Microsoft AzMan (Authorization Manager) is a role-based access and security framework for . NET applications. It offers a way for administrators to manage policies for authorization and runtimes that permit applications to execute access checks against those policies.
Authorization Manager provides an administration tool as a Microsoft Management Console (MMC) snap-in to manage roles, tasks, operations, and users. Administrators configure an Authorization Manager policy store in an XML file, Active Directory, or in an Active Directory Application Mode (ADAM) store.
The answer appears to be no. No one has answered this question, and a blog question posted in 2004 along with some more recent comments appear to convey mostly negative experiences folks have had. NetSqlAzMan would be worth investigating.
http://weblogs.asp.net/lorenh/archive/2004/02/24/79218.aspx
Some choice comments from the link:
1.
Udi Dahan - The Software Simplist said: Saw it at a local .Net user group some time ago. Seemed nice, except for the interop.
One other thing is the ability to perform "business tasks" that are really only script.
Should the interop go away, and be able to call .Net code for business tasks, this would truly be a killer.
2.
Chris Bilson said: We have it fully integrated into our ASP.NET application. The Interop part really sucks when you have defined alot of operations and are doing lots of authorization checks. It's a real performance killer.
I have my own wrapper class that invokes my "Business Tasks" when an access check is performed.
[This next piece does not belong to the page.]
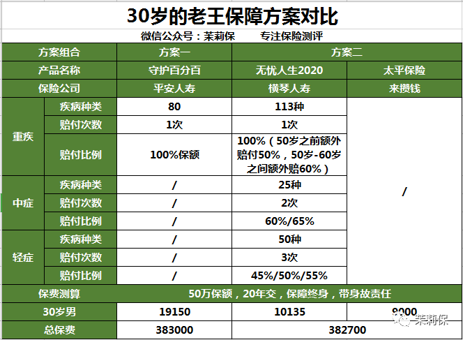 为了让大家更直观的了解,以30岁的老王为例,给他做了2种方案,方案一就是平安人寿的守护百分百,方案二是横琴人寿的无忧人生2020重疾险,太平保险的来攒钱。
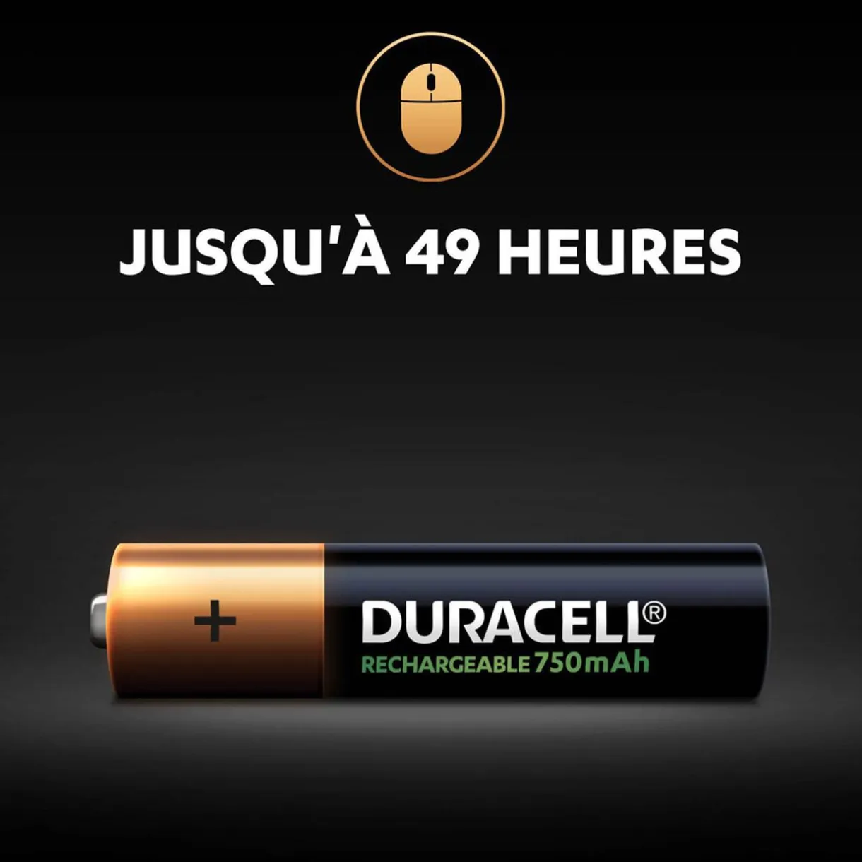 Lot de 4 piles rechargeables Duracell de type AAA 750mAh. Idéales pour alimenter efficacement tous vos appareils du quotidien, les piles AAA Duracell Recharge 750mAh peuvent être rechargées jusqu’à 100 fois. Non utilisées, elles resteront chargées jusqu’à 6 mois.

I feel kind of frustrated that there isn't more information about this tool, as I agree that it is nice way to get out of hard coding role checks into my application - something that would not be acceptable in my case due to varying customer defintions of what a "Manager" is and what they can do.
3.
Dominick Baier said: hi,
i love azman! i have written some stuff on it on www.leastprivilege.com - especially that ability to use non-windows accounts is very cool!
dominick
4.
Mathertel said: Yes, we use it in a .NET Web Application, built a wrapper and a bunch of additional tools to work with (a lot of tools are missing in the MMC snapin)
5.
Tom Bruns said: I have used AzMan extensively in a large .NET Web application. I think that the conceptual model is very good. However, there is alot of "lessons learned" concerning how to correctly architect the application to use it relative to performance, ongoing maintaince of the policy store, interaction with ADAM etc. If I can be of any help please feel free to email me. Replace nospam with com in my email address. Used correctly it can perform very well.
6.
Horea Hopartean said: We tried to use it and keep its repository on a Win2003 AD, but at 10000 users it took 13 (thirteen) seconds to do an OpenApplication call.
That and the ugly API may be good reasons why it hasn't got any traction so far :)
7.
news75 said: Hi, I have the same problem.
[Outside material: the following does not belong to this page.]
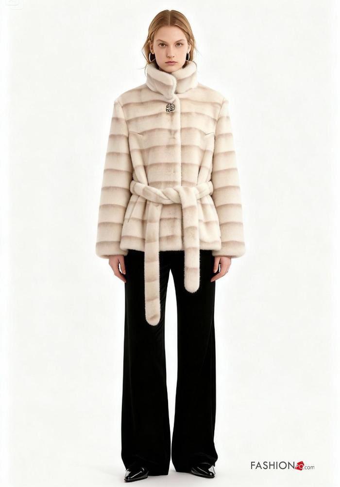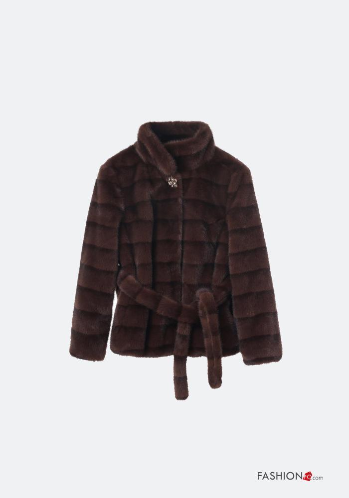 Giacca maniche lunghe con fodera con strass con tasche con cintura a collo alto con bottoni

I'm comparing Visual Guard, AzMan, NetSqlAzMan and the feature provided from the framework .net 3.0.
At the moment I'm prefering NetSqlAzMan. It's well integrated with .net framework, the comunity is active, is Open Source. Yes there are some limitation: Only Window or custum Authentication and Microsoft SQLManager, but...
I'm wondering: why this argument is so underestimates!?
8.
Riverway said: I am developing an Enterprise RBAC system using Azman with AD store. To overcome the slow performance, I wrote a wrapper class which access directly Azman in AD's OU structure using LDAP query. Another thing to mention is that Azman of Windows Server 2008 version has capability to create data store in SQL2008 database. My biggest complain is that Security Dialog for any resources (folders, disks, etc) does not recognize Azman defined groups or roles as available identity. This makes really difficult to integrate RBAC which encompass ERP and other enterprise roles AND Windows Resource Access Control at the same time unless you write an application which can write on AD directly.
9.
James said: We used azman on our project and it sucks. We've had a ton of problems with interoperability, and it didn't work for our developers using Win7 when the .xml file was made on a win2003 machine. We even went as far as reporting a bug to Microsoft. It does a ton of COM BS like randomly not working and saying E_INVALIDARG, whatever that means. This is one of the technologies I want to remove from our project when I get a chance.